Although some dairy products like milk and yogurt are high in carbs, the fermentation process required to produce cheese significantly reduces the amount of carbohydrates it contains to make it suitable for a low-carb diet. If you are also trying to increase your protein intake, some types of cheeses may be better options to add to your low-carb high-protein diet to help you meet your macro-nutrient goals.

Carb Content of Cheeses

The longer a cheese is aged, the lower its carbohydrate content will be. During the aging process, the bacteria ferment the carbohydrates found in milk to produce cheese.

Fresh cheeses are less preferable for a low-carb diet as they are less fermented and consequently, still contain a significant portion of the carbohydrates naturally found in milk.

The cheeses that are high in protein also have the lowest carbohydrate content. Foods containing less than 1 gram of carbohydrates per serving are considered to be very low in carbs. For example:

  • Brie and goat cheese have 0.3 grams of carbs per ounce.

  • Blue cheese and cheddar cheese have around 0.4 grams of carbs per ounce.

  • Parmesan cheese has about 0.9 grams of carbs per ounce.

Protein Content of Cheeses

Low moisture (dryer) cheeses in general contain more protein per serving than moist cheeses.

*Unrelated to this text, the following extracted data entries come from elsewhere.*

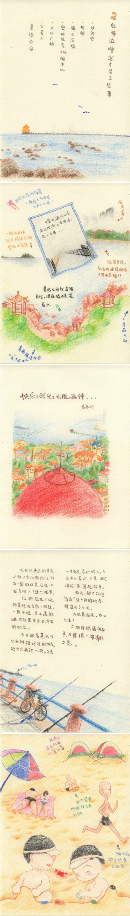 “2011年6月17日,離開住了一年的首都,向往大海邊的城。感覺這才是自己第一次真正意義上的旅行。吹著濕潤的海風(fēng)雨霧,流連在寧靜的老建筑山路,畫著悠然,心意舒懶,這就是我想要的吧:快樂時(shí)光無限延伸,青島站。”最近,一個(gè)名為《我用色彩表述生活,耗時(shí)一年完成的青島旅行繪本》的帖子被網(wǎng)友頻繁轉(zhuǎn)載,繪本的主角是青島風(fēng)景,而繪本的主人是一名曾經(jīng)來青旅游的佛山女孩。昨天,記者聯(lián)系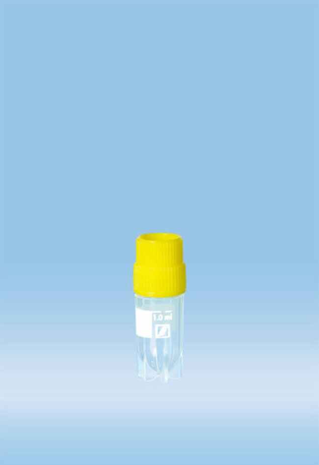 Tube, Cyrogenic; CyroPure; Sarstedt; Vol.: 1.0mL; With external thread; Sterile; Yellow cap; Interlocking base enables single-handed operation in CryoRack 40 and most cryogenic racks; Fit standard cryo boxes and aluminium holders; 500/pk.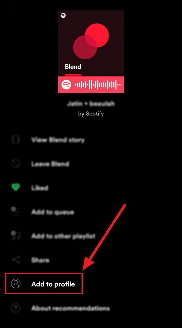 You can also display your Blend playlist on your profile. Remember, it will be on public display. Your followers and anyone who looks you up on Spotify will see the playlist.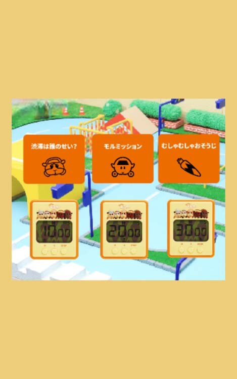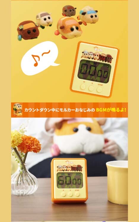 ●収録曲は「渋滞は誰のせい?」「モルミッション」「むしゃむしゃおそうじ」の3曲です。またアラーム音は「モルカーのテーマ」を収録しており、設定時間が経ったことをお知らせします。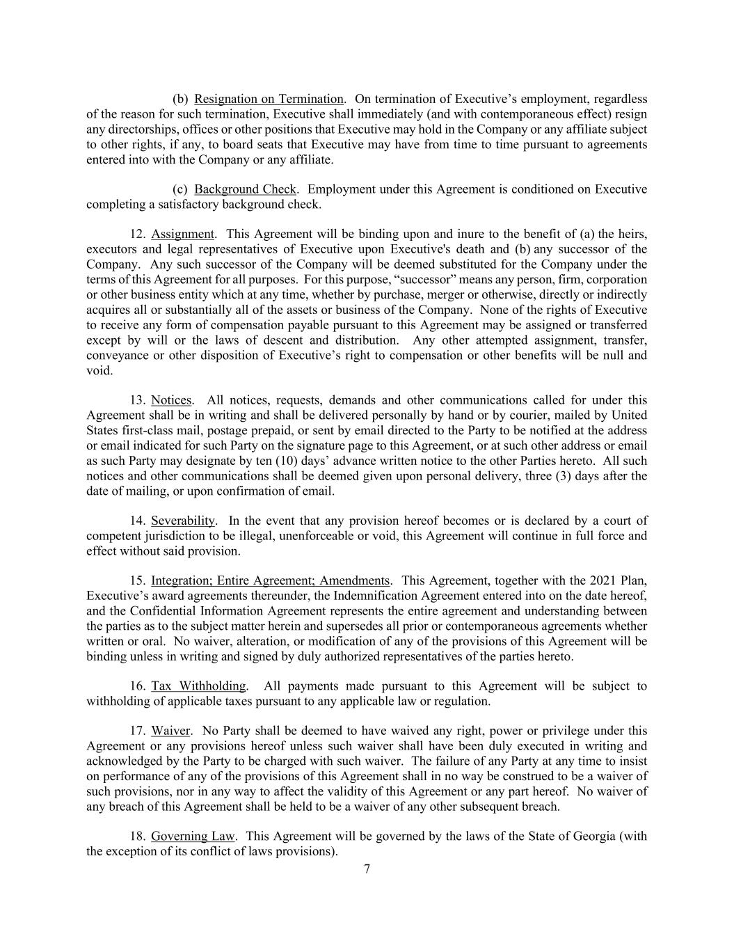 7 (b) Resignation on Termination. On termination of Executive’s employment, regardless of the reason for such termination, Executive shall immediately (and with contemporaneous effect) resign any directorships, offices or other positions that Executive may hold in the Company or any affiliate subject to other rights, if any, to board seats that Executive may have from time to time pursuant to agreements entered into with the Company or any affiliate. (c) Background Check. Employment under this Agreement is conditioned on Executive completing a satisfactory background check. 12. Assignment. This Agreement will be binding upon and inure to the benefit of (a) the heirs, executors and legal representatives of Executive upon Executive's death and (b) any successor of the Company. Any such successor of the Company will be deemed substituted for the Company under the terms of this Agreement for all purposes. For this purpose, “successor” means any person, firm, corporation or other business entity which at any time, whether by purchase, merger or otherwise, directly or indirectly acquires all or substantially all of the assets or business of the Company. None of the rights of Executive to receive any form of compensation payable pursuant to this Agreement may be assigned or transferred except by will or the laws of descent and distribution. Any other attempted assignment, transfer, conveyance or other disposition of Executive’s right to compensation or other benefits will be null and void. 13. Notices. All notices, requests, demands and other communications called for under this Agreement shall be in writing and shall be delivered personally by hand or by courier, mailed by United States first-class mail, postage prepaid, or sent by email directed to the Party to be notified at the address or email indicated for such Party on the signature page to this Agreement, or at such other address or email as such Party may designate by ten (10) days’ advance written notice to the other Parties hereto. All such notices and other communications shall be deemed given upon personal delivery, three (3) days after the date of mailing, or upon confirmation of email. 14. Severability. In the event that any provision hereof becomes or is declared by a court of competent jurisdiction to be illegal, unenforceable or void, this Agreement will continue in full force and effect without said provision. 15. Integration; Entire Agreement; Amendments. This Agreement, together with the 2021 Plan, Executive’s award agreements thereunder, the Indemnification Agreement entered into on the date hereof, and the Confidential Information Agreement represents the entire agreement and understanding between the parties as to the subject matter herein and supersedes all prior or contemporaneous agreements whether written or oral. No waiver, alteration, or modification of any of the provisions of this Agreement will be binding unless in writing and signed by duly authorized representatives of the parties hereto. 16. Tax Withholding. All payments made pursuant to this Agreement will be subject to withholding of applicable taxes pursuant to any applicable law or regulation. 17. Waiver. No Party shall be deemed to have waived any right, power or privilege under this Agreement or any provisions hereof unless such waiver shall have been duly executed in writing and acknowledged by the Party to be charged with such waiver. The failure of any Party at any time to insist on performance of any of the provisions of this Agreement shall in no way be construed to be a waiver of such provisions, nor in any way to affect the validity of this Agreement or any part hereof. No waiver of any breach of this Agreement shall be held to be a waiver of any other subsequent breach. 18. Governing Law. This Agreement will be governed by the laws of the State of Georgia (with the exception of its conflict of laws provisions).

  • Parmesan cheese has the highest protein content of all all cheeses, with 10 grams of protein per ounce.

  • Most cheeses contain an average of 6 to 7 grams of protein per ounce, including cheddar, Brie, Gouda, blue cheese or mozzarella.

  • Cheese spreads, cottage cheese and ricotta cheese have less than 3 grams of protein per ounce.

Less Desirable Cheeses For Low-Carb Diet

In terms of macronutrient ratios, even though their carbohydrate content is still low - 1 gram per ounce - , cream cheese, cottage cheese, ricotta cheese and cheese spreads contain less than 3 grams of protein per ounce, which is less than half found in most cheeses and less desirable for low-carb diet.

1 cup of cottage cheese contains 14 grams of protein, and 10 grams of carbohydrates. Their carbohydrate content is still low, at about 1 gram per ounce.

Attention! Fermented vs. Pickled

There is a difference between fermented foods and pickled or preserved foods. Foods packed in vinegar, such as cucumber pickles are not fermented.

Contrary to popular misconception, pickling is not the same as fermenting. A pickled food might not necessarily be rich in probiotics. Actually, pickling is done usually by utilizing vinegar and kills live micro-organisms. Fermented foods are the ones that have live bacteria with beneficial properties for health.

Until the 1940s, pickles were processed by means of natural fermentation. After the second world war, processors began using vinegar (acidic) and pasteurization (a heat process to stabilize the food). Pickled foods have long shelf life and are not easily/quickly perishable. However they have lost much of their nutrient value, including vitamin C and the live lactic acid bacteria found in raw fermented foods.

Every raw food has its own enzymes, meaning just about anything can be fermented. Done properly, fermented foods are also safer than cooked foods.